I had a requirement of parsing a set of urls and extract specific elements from urls under special conditions. To explain it further, consider a set of urls:

http://www.example.com/appName1/some/extra/parts/keyword/rest/of/the/url http://www.somewebsite.com/appName2/some/extra/parts/keyword/rest/of/the/url http://www.someothersite.com/appname3/rest/of/the/url

As you can see, there are two sets of urls, one having the word "keyword" in it and others which don't. In my code, I will receive the part of the url after domain name (eg: /appName1/some/extra/parts/keyword/rest/of/the/url).

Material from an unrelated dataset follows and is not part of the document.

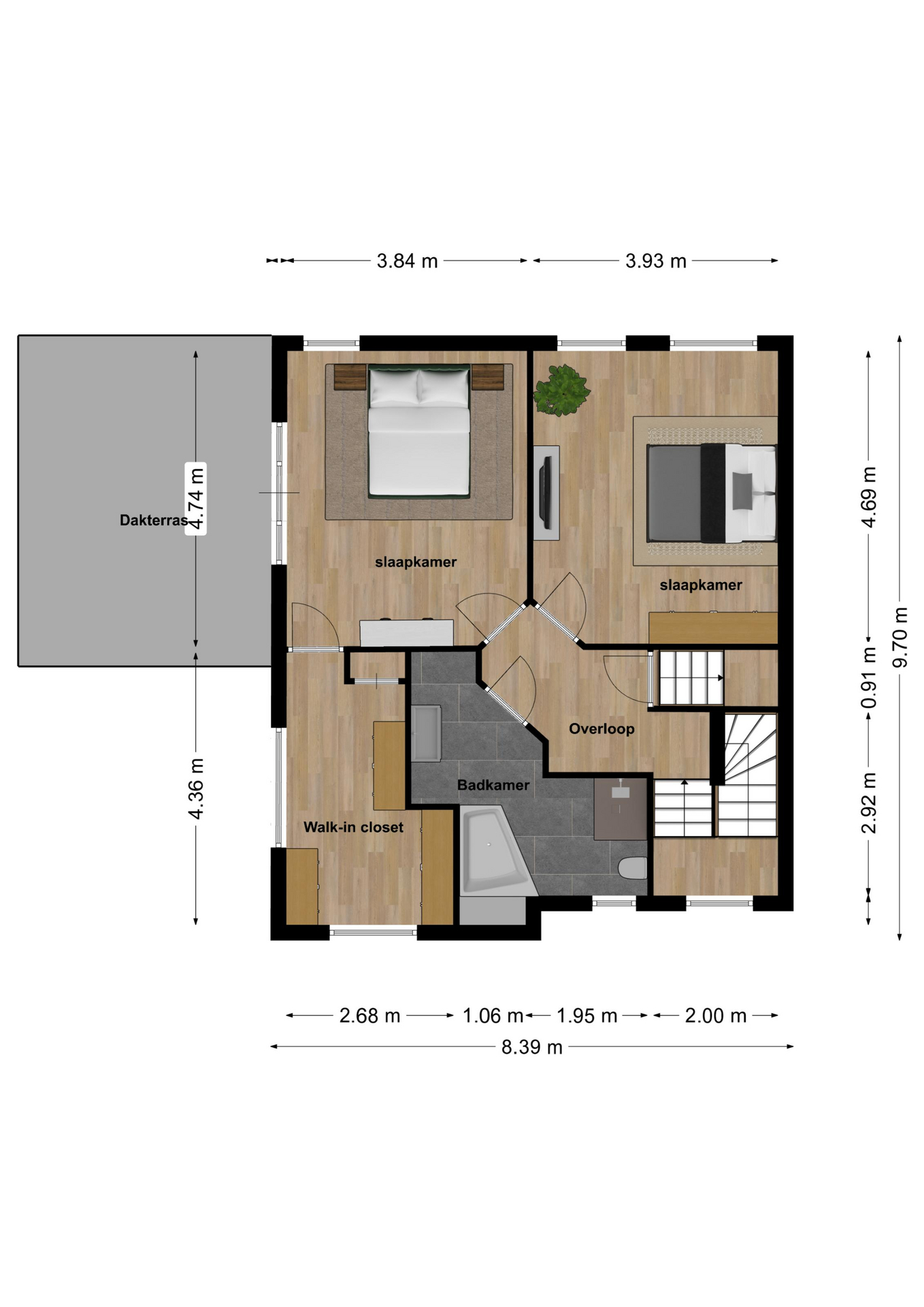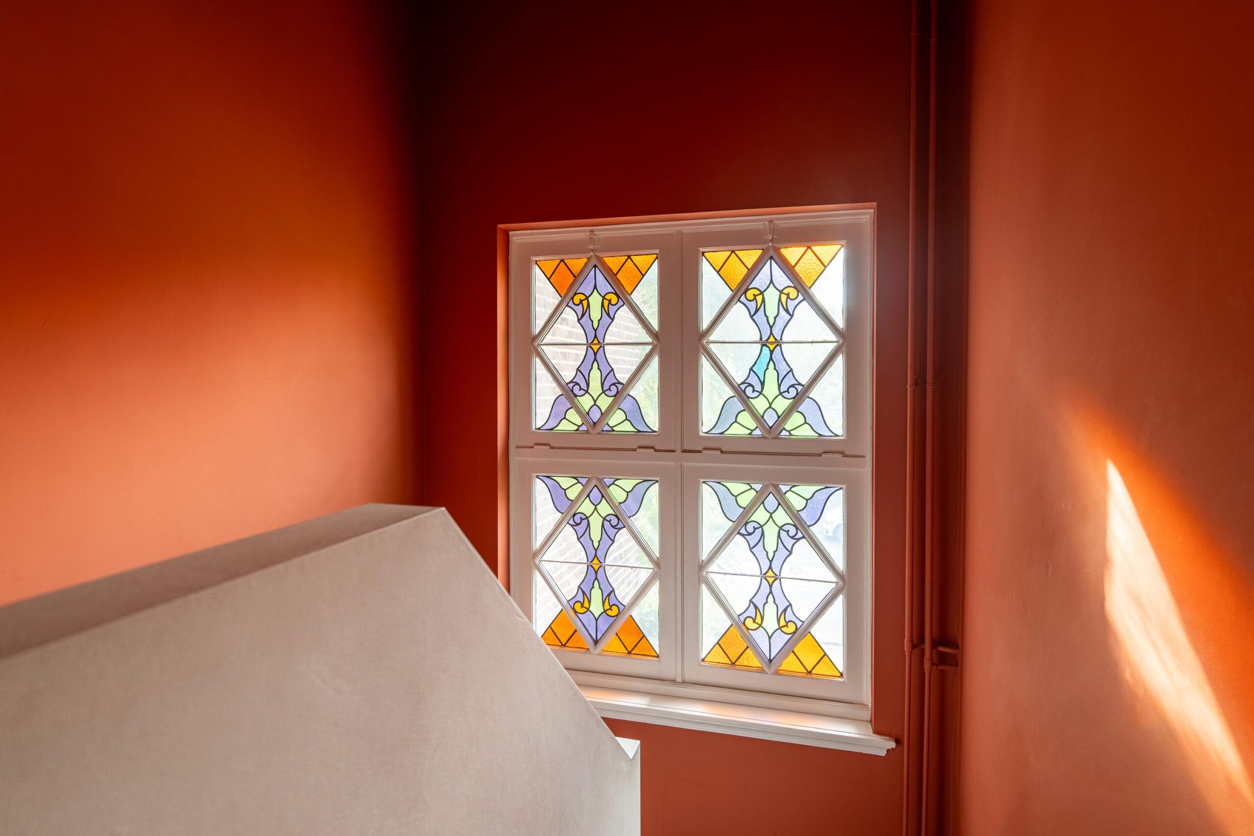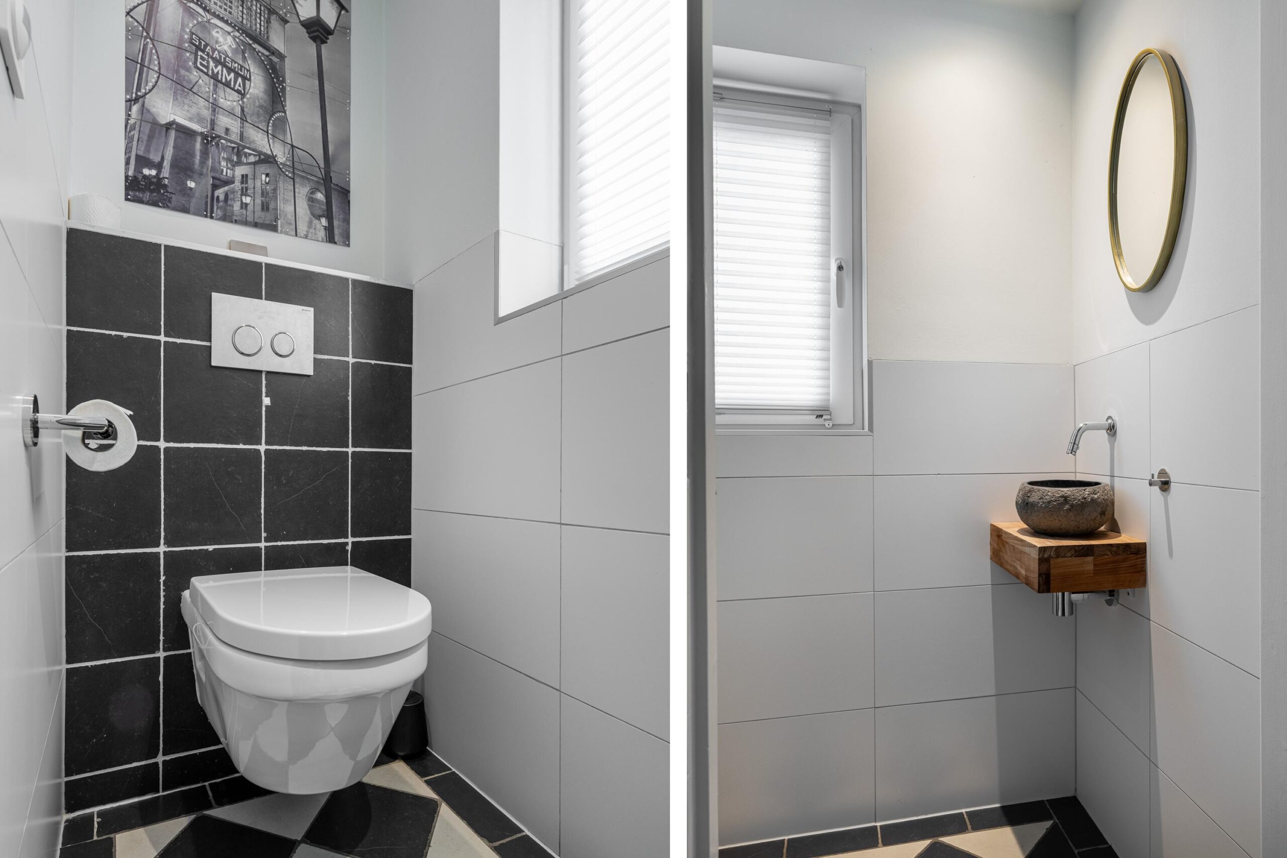Via de fraaie bordestrap bereikt u de overloop, waar het glas-in-loodraam een prachtig kleurenspel in het trappenhuis creëert. Overloop met toegang tot twee ruime slaapkamers en een badkamer. De badkamer is uitgerust met een houtlook keramische vloer, een royaal hoekligbad, douchecabine, zwevend toilet en een stijlvol badkamermeubel. De hoofdslaapkamer heeft directe toegang tot een derde kamer, die momenteel als praktische walk-in closet is ingericht. Alle kamers zijn afgewerkt met een nette laminaatvloer.

I have two tasks, one check if the word "keyword" is present in the url, and second, to be done only if "keyword" is not present in url, parse the url to fetch the two groups as the appName and rest of the url (eg: grp 1. appName3 and grp 2. rest/of/the/url for url 3, as it doesn't have "keyword" in it). The whole thing should be done in one regex.

My progress:

  • I was able to parse the app name and rest of the url into groups, but was not able to apply the condition.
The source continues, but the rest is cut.